Most of those industries disrupted could have been secured by the players in those markets instead the allowed a disruptor to appear unchallenged.
Remember the market is not as rational as some might think, you start filling gaps and people often won’t ask about the fallout and many of these services did have people warning against these things.
We are for the most part, in a nation that lets you do whatever you want until the effects have hit people, this is even more a thing if you are a business. I don’t know an easy answer, in some of these cases, old gaurd needed a smack, in others a more controlled entry may have been better. As of now “controlled” is jut about the size of ones cash pile.
Cue the ethical corporations discussion…
I mean AI is already generating lots of bullshit ‘reports’. Like you know, stuff that reports ‘news’ with zero skill. It’s glorified copy-pasting really.
If you think about how much language is rote, in like law and etc. Makes a lot of sense to use AI to auto generate it. But it’s not intelligence. It’s just creating a linguistic assembly line. And just like in a factory, it will require human review to for quality control.
The thing is - and what’s also annoying me about the article - AI experts and computational linguistics know this. It’s just the laypeople that end up using (or promoting) these tools now that they’re public that don’t know what they’re talking about and project intelligence onto AI that isn’t there. The real hallucination problem isn’t with deep learning, it’s with the users.
The article really isn’t about the hallucinations though. It’s about the impact of AI. its in the second half of the article.
Spot on. I work on AI and just tell people “Don’t worry, we’re not anywhere close to terminator or skynet or anything remotely close to that yet” I don’t know anyone that I work with that wouldn’t roll their eyes at most of these “articles” you’re talking about. It’s frustrating reading some of that crap lol.
This is the curation effect: generate lots of chaff, and have humans search for the wheat. Thing is, someone’s already gotten in deep shit for trying to use deep learning for legal filings.
It drives me nuts about how often I see the comments section of an article have one smartass pasting the GPT summary of that article. The quality of that content is comparable to the “reply girl” shit from 10 years ago.
I think it can be useful.

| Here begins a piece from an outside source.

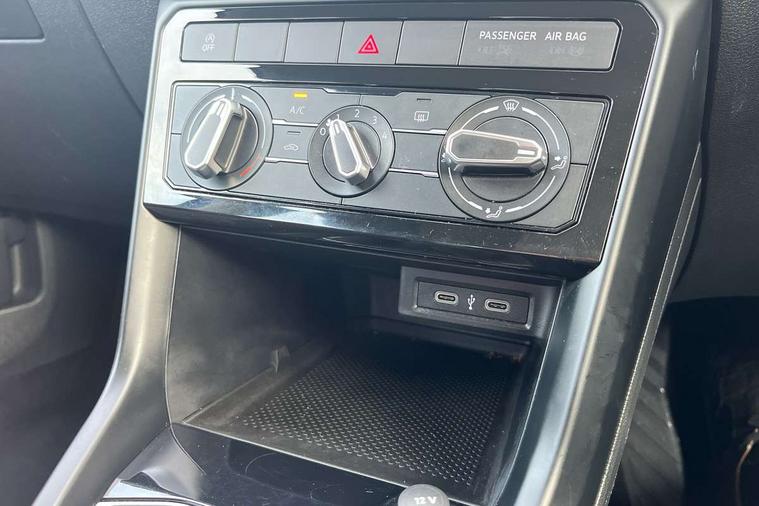 'Lights On' Reminder warning buzzer, Adaptive cruise control including front assist, forward collision warning, autonomous emergency braking, speed limiter, Blind spot monitoring, Bluetooth telephone and audio connection for compatible devices, Car information display, Digital cockpit, Driver alert system, eCall emergency call system, Lane assist, Low washer fluid warning light, Multifunction computer with visual gear change recommendation for fuel consumption, Operating permit alteration, Power assisted speed sensitive steering, Speedo, rev counter, electronic odometer, trip, service interval display, exterior temperature and fuel gauge, Stop/start system, Warning sound and light for doors and tailgate open, Warning sound and light for front seatbelts unfastened, We Connect Go Dongle, Wireless Car net app connect with Apple CarPlay, combined functionality of Apple CarPlay/Android Auto and MirrorLink, Battery regeneration during braking, Misfuel prevention device, 2x USB connection with USB charging sockets and in rear centre console, DAB Digital radio receiver, Diversity antenna for FM reception, Multi device interface (MDI) with USB connection, Music playback - MP3, WMA and AAC files, Premium USB cable for Apple or Android smartphone compatibility, Simultaneous pairing of 2 compatible mobile devices, Title and cover art display, Automatic hazard lights activation under emergency braking, Black roof rails, Body colour door handles, Body colour door mirrors with integrated indicators, Body coloured bumpers, Dusk sensor + automatic driving lights, Electrically foldable, adjustable and heated door mirrors with reverse activated kerb view adjustment on passenger's side, Front and rear electric windows, Front fog lights with static cornering function, Galvanised body, Heated rear window, LED third brake light, Lower door sills and door pillars in black, Radiator grille with high gloss surface and chrome strip, Rear fog light on one side, reversing light on both sides, Rear lights incorporating LED technology, Rear side wing doors, Rear window aerial, Rear windscreen washer and wiper with interval delay, Reflectors in all doors, Tailgate with integrated roof spoiler, Windscreen wipers/ intermittent wipe + 4 position delay, 12V Accessory socket in centre console, 3 rear head restraints and 3 rear three point seat belts with ECE label, 3 seat bench in 2nd row, 60/40 split folding rear seat backrest, Drawer under drivers seat, Driver and front passenger sunvisor with vanity mirror, Driver's sunvisor with ticket holder, Dust and pollen filter, Front and rear reading lights X 2, Front centre armrest with storage compartment, Front seat back storage pockets, Front seats with adjustable lumbar support, Glovebox, Heating and fresh air system with 4 stage blower, Height/reach adjust steering wheel, Instrument lighting white adjustable panel illumination, Interior light with delay, Isofix child seat preparation for 2 rear child seats, Luggage compartment cover, Luggage compartment lighting, Manual air conditioning, Manual front seats with height adjustment, Moveable and foldable Rear bench seat, Single front passenger seat, Storage compartment in drivers and front passengers door, Three spoke multi-function leather trimmed steering wheel and gearknob, Triangle ties/pearl cloth upholstery, Variable boot floor, Anti-lock Braking System (ABS) with Hydraulic Brake Assist (HBA), Automatic post collision braking system, Driver and front passenger safety-optimised head restraints, Drivers and Front Passengers airbags with front passengers airbag deactivation switch, ESC with EDL, ASR, EDTC and trailer stabilisation function, Front and rear curtain airbags, Front seat side impact airbags, Height-adjustable front three-point seat belts with tensioners, Hill start assist, Pre crash preventive occupant protection, Rear door child safety locks, Rigid safety cell with front and rear crumple zones, Single torn horn, Tyre pressure loss indicator, Volkswagen roadside assistance, Alarm with interior protection and deactivation via infotainment system, Child security locks in rear doors, Electronic engine immobiliser, Remote tailgate unlocking using key fob, Pineapple decorative inserts in dash and doors, 17" Clayton alloy wheels + anti theft wheel bolts, Breakdown kit,
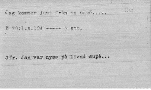 //// Jag kommer just frän cn sup*... //// B 71:7,s. 104---? str. //// Jfr. Jag var nysa på livad supé<«. ////

I have used it myself, even before chatgpt was there and it was just gpt 3. For example I take a picture, OCR it and then look for mistakes with gpt because it’s better than a spell check. I’ve used it to write code in a language I wasn’t familiar with and having seen the names of the commands needed I could fix it to do what I wanted. I’ve also used it for some inspiration, which I could also have done with an online search. The concept just blew up and people were overstating what it can do, but I think now a lot of people know the limitations.
What I hate most about it is people are doing a very poorly at checking their own information intake for accuracy and misinformation already, this comes at one of the worst time to make things go south.